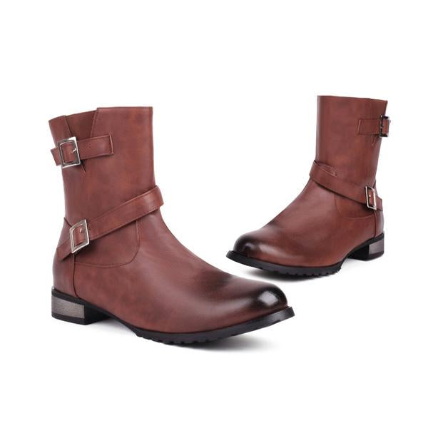 MEN'S CASUAL RETRO BUCKLE LEATHER BOOTS 45577631YL
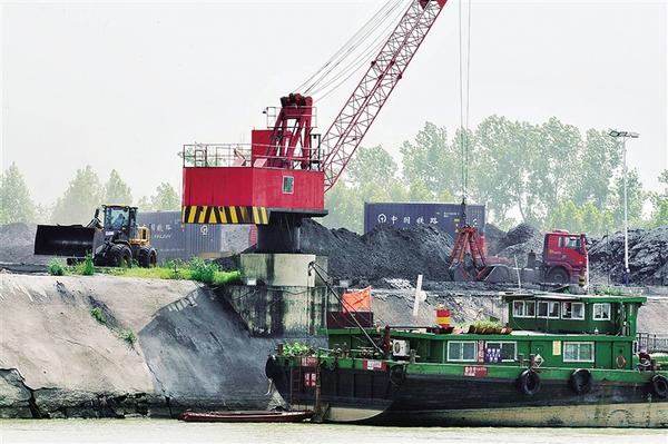 8月27日上午,商水港一片繁忙景象。近年来,经过持续发展,商水港逐渐成为以运输煤炭为主的特色港口。据介绍,源源不断的山西优质煤炭通过火车运到商水后,经商水港运往安徽、江苏等地。
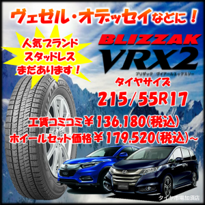 人気ブランドスタッドレスまだあります!ヴェゼル・オデッセイなどに!【ブリヂストンVRX2】サイズ215/55R17

THE PROBLEM – Would you restate the listing word for word without its pictures?

TASK OUTPUT –
 MEN'S CASUAL RETRO BUCKLE LEATHER BOOTS 45577631YL
 8月27日上午,商水港一片繁忙景象。近年来,经过持续发展,商水港逐渐成为以运输煤炭为主的特色港口。据介绍,源源不断的山西优质煤炭通过火车运到商水后,经商水港运往安徽、江苏等地。
 人気ブランドスタッドレスまだあります!ヴェゼル・オデッセイなどに!【ブリヂストンVRX2】サイズ215/55R17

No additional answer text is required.